A Gender Rights Activist working with the tribal and marginalized communities in india, Srilekha is a PhD scholar working on understanding body and sexuality among tribal girls, to fill the gaps in research around indigenous women and their stories. Srilekha has worked extensively at the grassroots level with community based organisations, through several advocacy initiatives around Gender, Mental Health, Menstrual Hygiene and Sexual and Reproductive Health Rights (SRHR) for the indigenous in Jharkhand, over the last 6 years.

Srilekha has also contributed to sustainable livelihood projects and legal aid programs for survivors of sex trafficking. She has been conducting research based programs on maternal health, mental health, gender based violence, sex and sexuality. Her interest lies in conducting workshops for young people on life skills, feminism, gender and sexuality, trauma, resilience and interpersonal relationships.

A Guwahati-based college student pursuing her Masters in Tata Institute of Social Sciences, Bidisha started the #BleedwithDignity campaign on the technology platform Change.org, demanding that the Government of Assam install
biodegradable sanitary pad vending machines in all government schools across the state. Her petition on Change.org has already gathered support from over 90000 people and continues to grow.

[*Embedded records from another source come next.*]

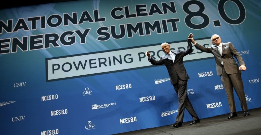 Obama told a crowd in Las Vegas that solar and renewables now make economic sense and blasted conservative think-tanks for being insincere when it comes to the free market. He said, “Now, it’s one thing if you’re consistent in being free market. It’s another thing when you’re free market until it’s solar that’s working and people want to buy and suddenly you’re not for it any more.”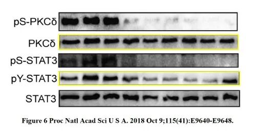 应该有两种凝胶,一种用于检测PKCdelta(总和磷酸化),另一种用于检测 STAT3(总和磷酸化)。但是PKCdelta和pY-STAT3条带非常相似,它们一定来自同一个凝胶。所以文中所说的pY-STAT3信号真的是pS-PKCdelta的信号吗?在这种情况下,正确的pY-STAT3凝胶发生了什么变化,而其他凝胶又到底显示了什么呢?这不可能是「不小心」犯的错误。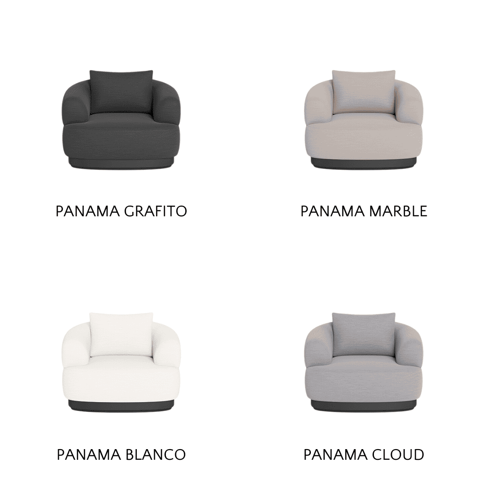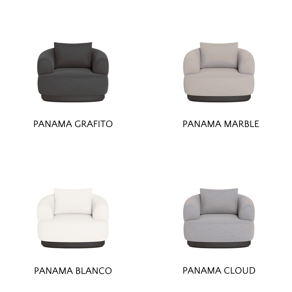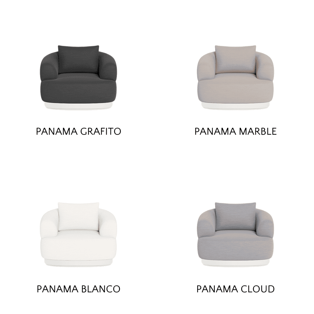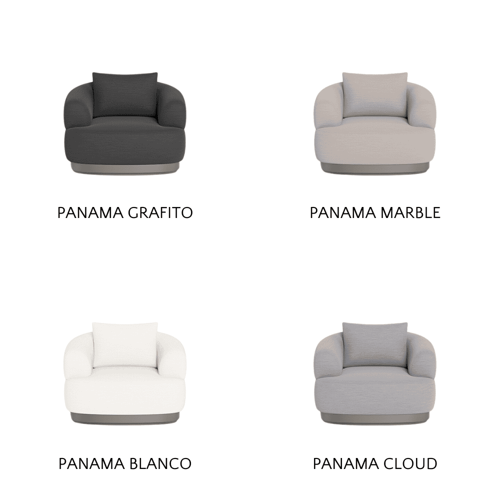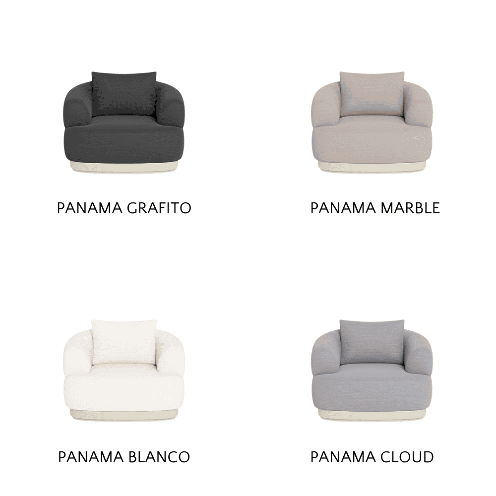 The upholstery is crafted from premium Italian outdoor fabrics—Copacabana, Panama, Siesta, and Riviera—each offering a soft hand, textured character, and timeless neutral palette. These materials are designed to withstand sun exposure, moisture, and everyday outdoor conditions, while still delivering the elevated feel of indoor textiles.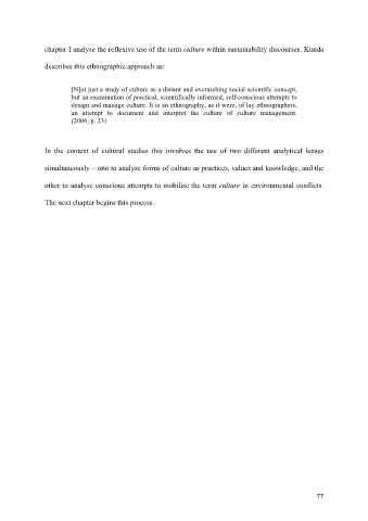 chapter I analyse the reflexive use of the term culture within sustainability discourses. Kunda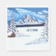 Napkins mit einer schönen Winterlandschaft, inklusive schneebedeckten Bergen, Hütte und Evergreens. Der Text kann personalisiert sein. Original-Kunstwerk von W.B.

Bidisha was selected in Change.org’s flagship program ‘She Creates Change’ having run successful online advocacy
campaigns, which were widely recognised. Through the #BleedwithDignity campaign; she organised and celebrated World Menstrual Hygiene Day, 2019 in Guwahati, Assam by hosting a wall mural by collaborating with local organisations. The initiative was widely covered by national and local media, and the mural was later inaugurated by the event’s chief guest Commissioner of Guwahati Municipal Corporation (GMC) Debeswar Malakar, IAS.